> _Data section_
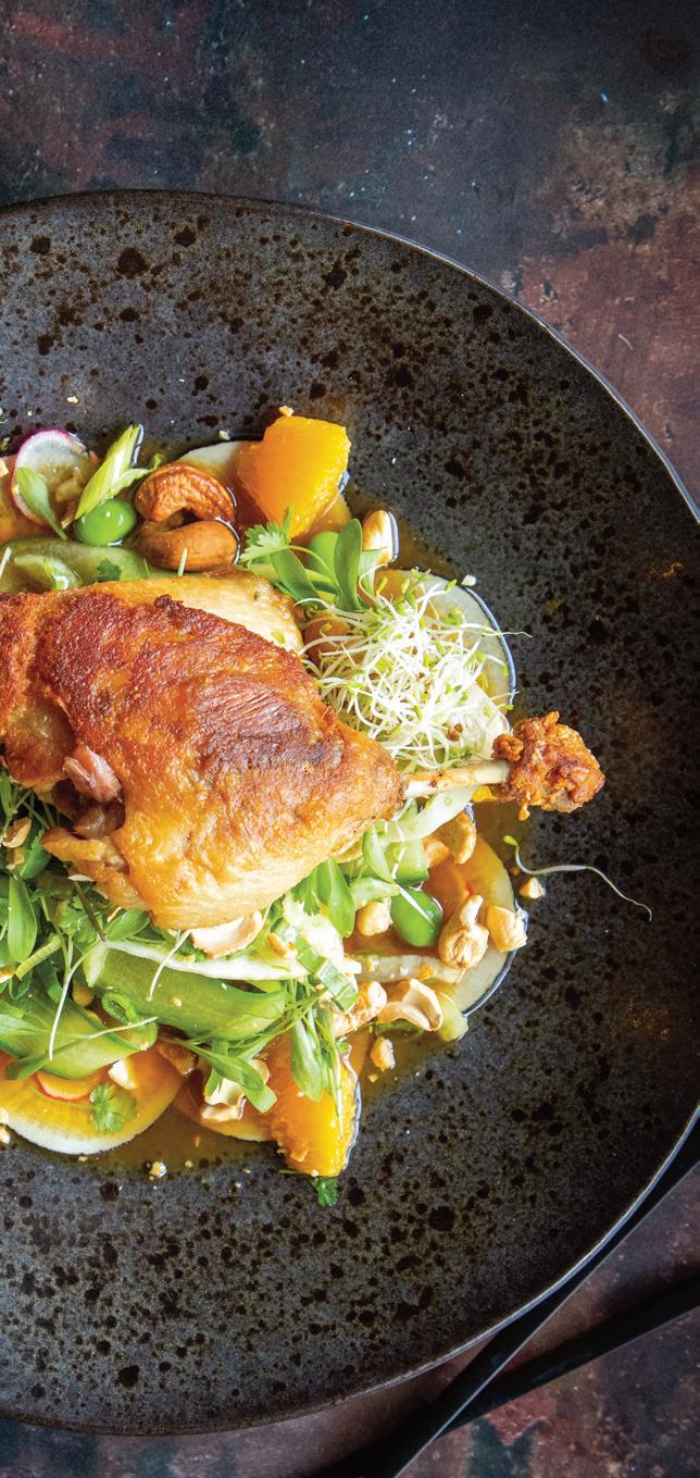 Confit duck leg with cucumber, pak choi, cashew nuts, and orange dressing.
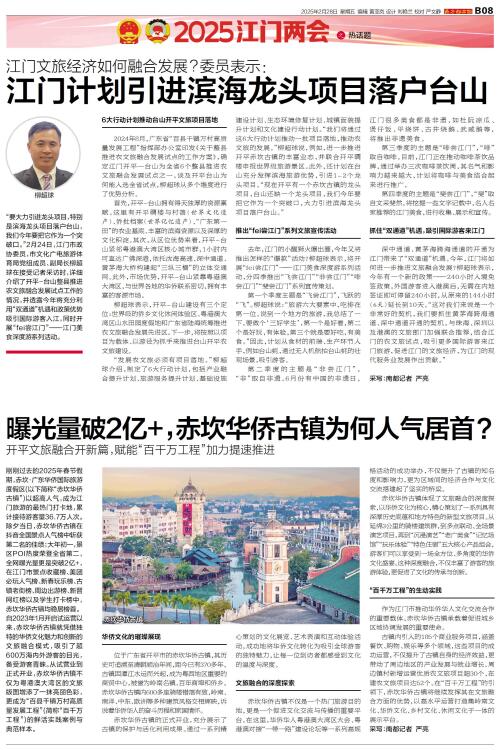 2025江门两会之热话题 “要大力引进龙头项目,特别是滨海龙头项目落户台山,我们今年要把它作为一个突破口。”2月24日,江门市政协委员,市文化广电旅游体育局党组成员、副局长柳超球在接受记者采访时
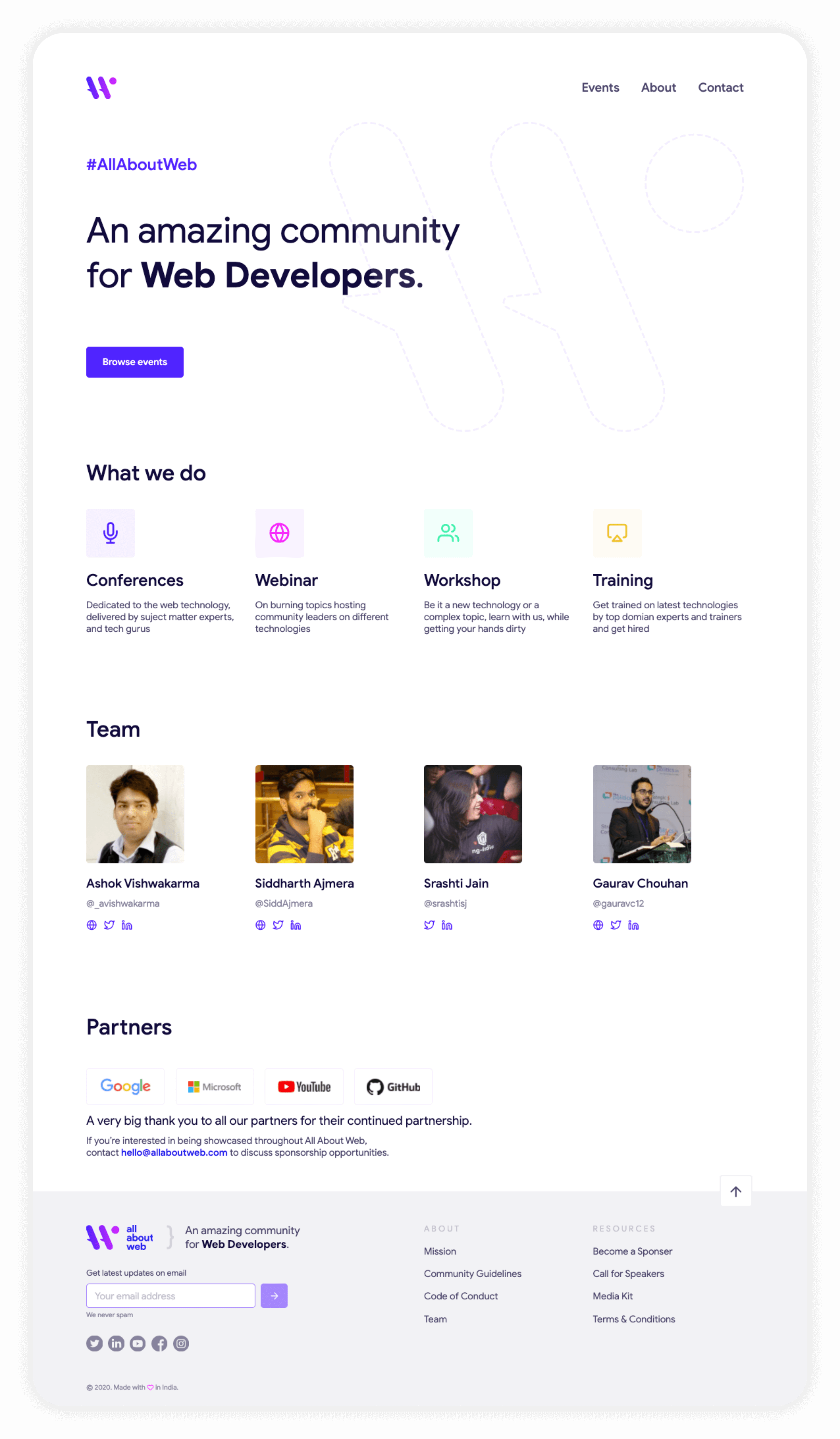 4 people on a mission to create an amazingly vibrant community of web developers around the world where everyone feels welcome and empowered with a primary focus to cater to web technologies.
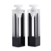 分子光谱->UV-Vis 与 UV-Vis-NIR 光谱->用于 UV-Vis 和 UV-Vis-NIR 系统的半微量比色池 矩形半微量流通池,石英,开口式,随附 PTFE 顶盖,4 mm 孔 x 10 mm 光程,底座厚度 9 mm,不透光黑色池壁,1 mL,1/包. 适用于所有安捷伦紫外可见分光光度计
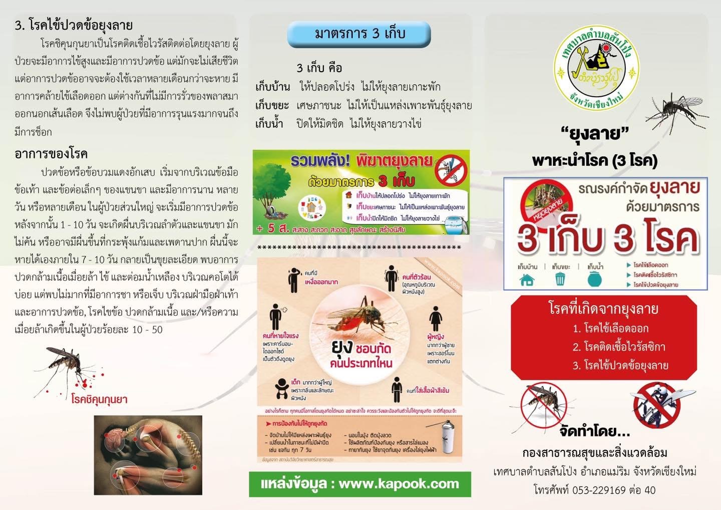 ทั้งนี้ ขอความร่วมมือให้ประชาชนในพื้นที่สำรวจแหล่งที่มีน้ำขัง และร่วมกันกำจัดแหล่งเพาะพันธุ์ยุงลายในบริเวณรอบๆ ตัวบ้านและในชุมชน โดยแนะนำให้ปฏิบัติตามมาตรการ “3 เก็บ ป้องกัน 3 โรค”
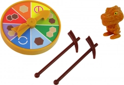 Spin the arrow on the wheel and it will tell you which color stone to knock out. Can you keep the dinosaur in the game while others lose ground?
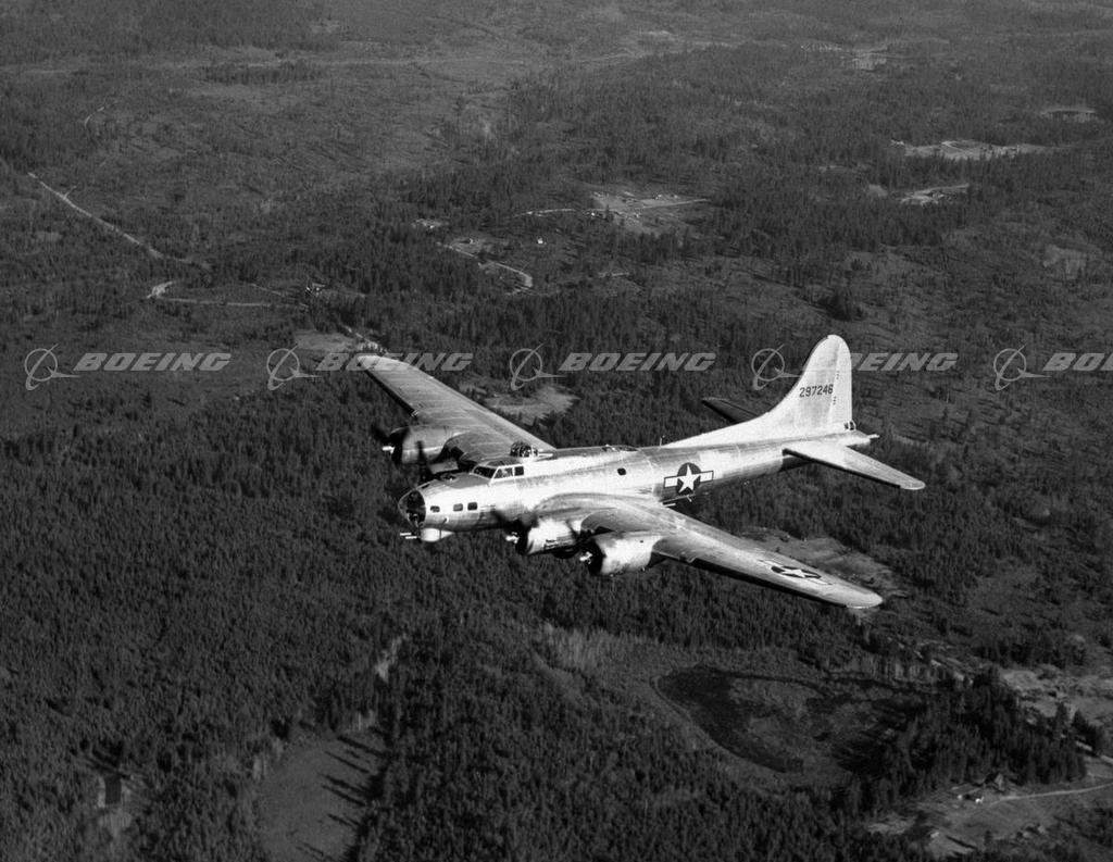 In response for the Army’s request for a large, multiengine bomber, the B-17 (Model 299) prototype, financed entirely by Boeing, went from design to flight test in less than 12 months. The B-17 Flying Fortress was a low-wing monoplane that combined aerodynamic features of the XB-15 giant bomber, and the Model 247 transport. The B-17 was the first Boeing military aircraft with a flight deck instead of an open cockpit and was armed with bombs and five .30-caliber machine guns mounted in clear blisters. Each version of the B-17 was more heavily armed. Described by General H. H. Hap Arnold, as the backbone of our worldwide aerial offensive, the B-17 Flying Fortress served in every World War II combat zone. Boeing, Douglas, and Lockheed Vega produced 12,731 B-17s, and the four-engine bombers became legendary for their ability to stay in the air after taking brutal poundings.
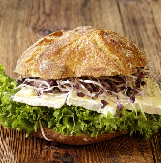 Camembert mit Salatgarnitur. Das Gebäck auf dem Foto ist ein Muster und nicht beim Belag enthalten.
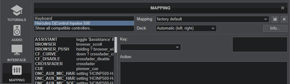 The unit should be visible in the MAPPING tab of Config and the “factory default” available/selected from the Mappings drop-down list. The factory default Mapping offers the functions described in this Manual, however those can be adjusted to your needs via VDJ Script actions.
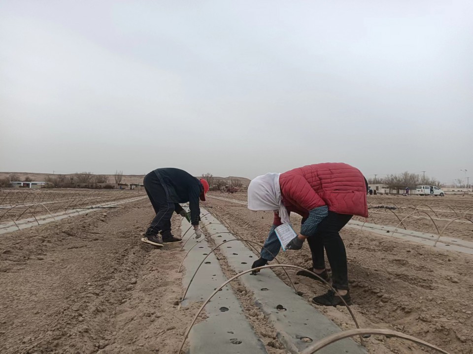 3月15日,新疆哈密市伊州區(qū)南湖鄉(xiāng)紅山村的瓜農(nóng)們正在進行哈密瓜點種。通過機械打好的農(nóng)膜點種孔,農(nóng)民把種子手工投入苗穴,并封好土,確保種子吸收養(yǎng)分。南湖鄉(xiāng)哈密瓜種植都采用了“干播濕出”技術(shù)。點籽封土后,架上小拱棚,再通過滴灌帶澆水后,就可以靜等出苗了。
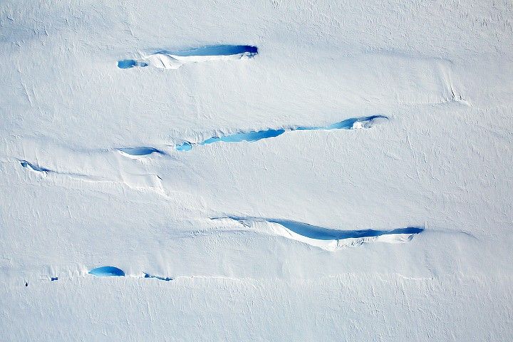 A network of meltwater lakes and drainage channels made an Antarctic ice shelf known for its blue ice areas even…
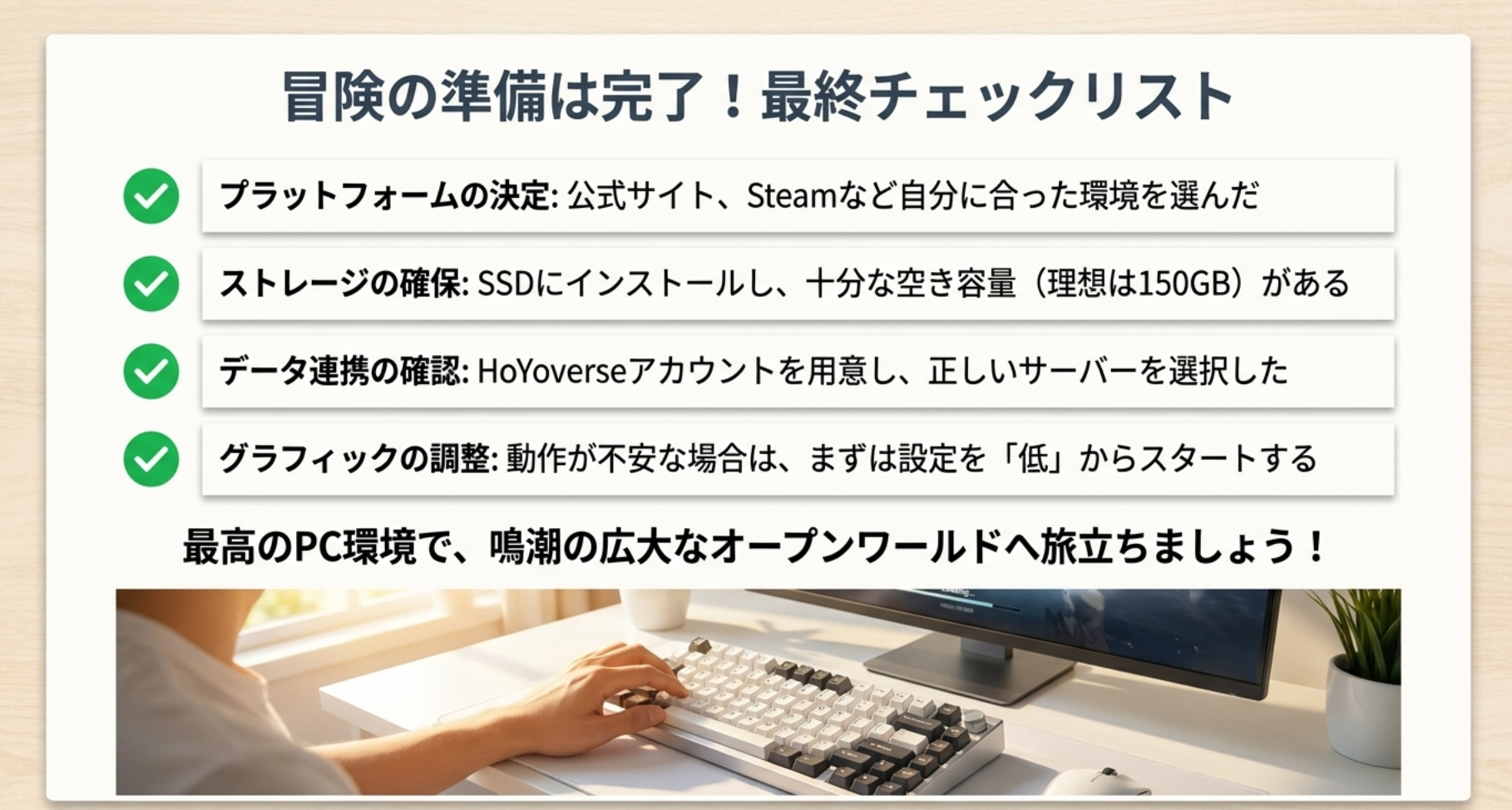 ここまで、鳴潮をPC版で遊び始めるためのダウンロード方法や、動作環境、トラブル対処法についてお伝えしてきました。PCの大画面で広大なオープンワールドを駆け巡る体験は、スマホとはまた違った感動を与えてくれます。
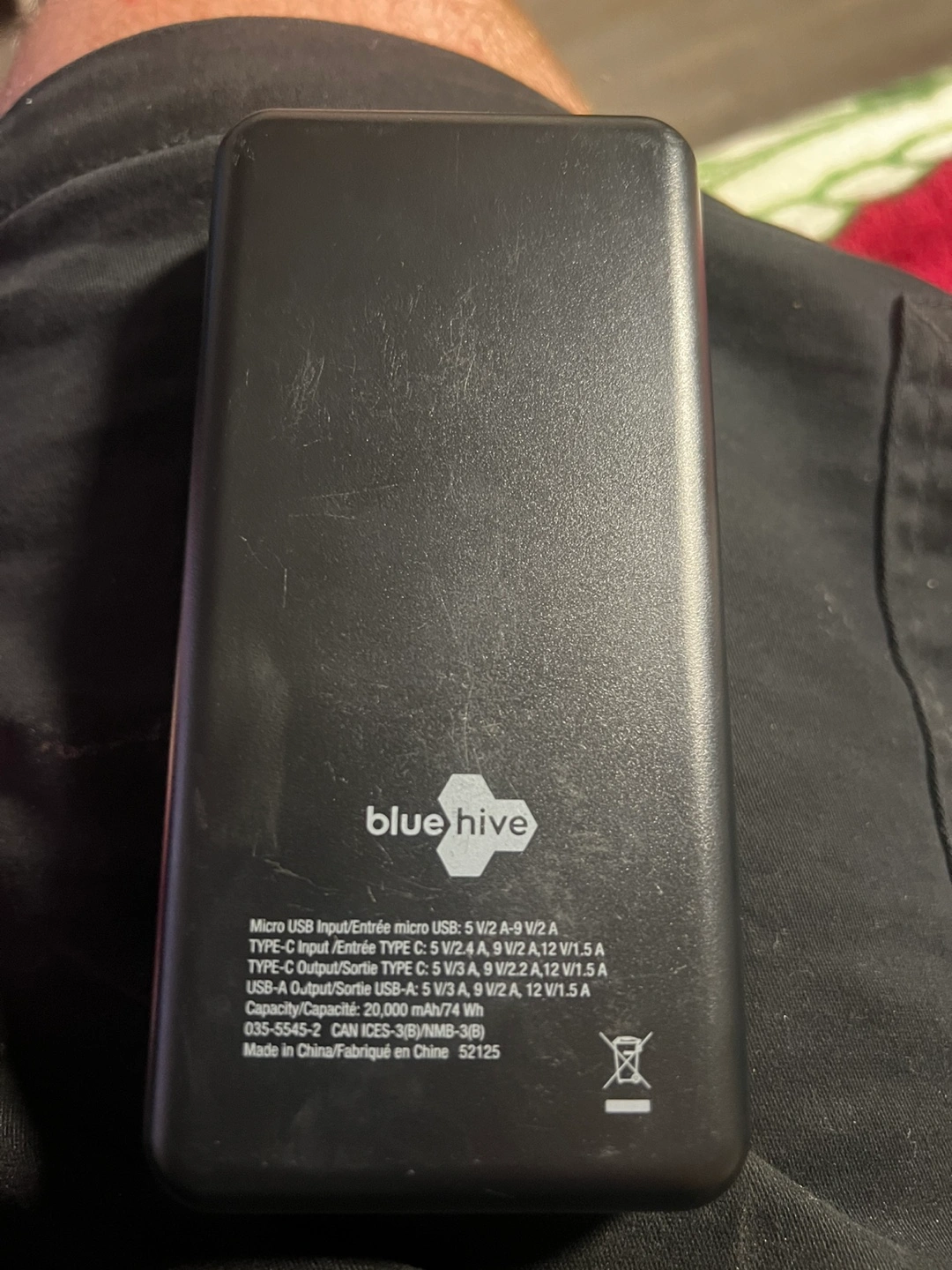 Selling a Bluehive power bank. It has a capacity of 20,000mAh and multiple USB output options for charging your devices. It's in good condition and ready to keep your devices powered up on the go!
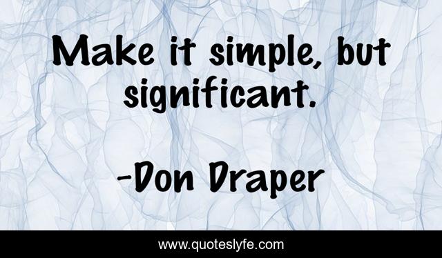 This page presents the quote "Make it simple, but significant.". Author of this quote is Don Draper. This quote is about simplicity, meaning,.

> _Task to carry out_
Taking the entries above, copy word for word the lines from the one with "Camembert mit Salatgarnitur." up to and including the one with "3月15日,新疆哈密市伊州區", without any picture.

> _Result of this task_
 Camembert mit Salatgarnitur. Das Gebäck auf dem Foto ist ein Muster und nicht beim Belag enthalten.
 The unit should be visible in the MAPPING tab of Config and the “factory default” available/selected from the Mappings drop-down list. The factory default Mapping offers the functions described in this Manual, however those can be adjusted to your needs via VDJ Script actions.
 3月15日,新疆哈密市伊州區(qū)南湖鄉(xiāng)紅山村的瓜農(nóng)們正在進行哈密瓜點種。通過機械打好的農(nóng)膜點種孔,農(nóng)民把種子手工投入苗穴,并封好土,確保種子吸收養(yǎng)分。南湖鄉(xiāng)哈密瓜種植都采用了“干播濕出”技術(shù)。點籽封土后,架上小拱棚,再通過滴灌帶澆水后,就可以靜等出苗了。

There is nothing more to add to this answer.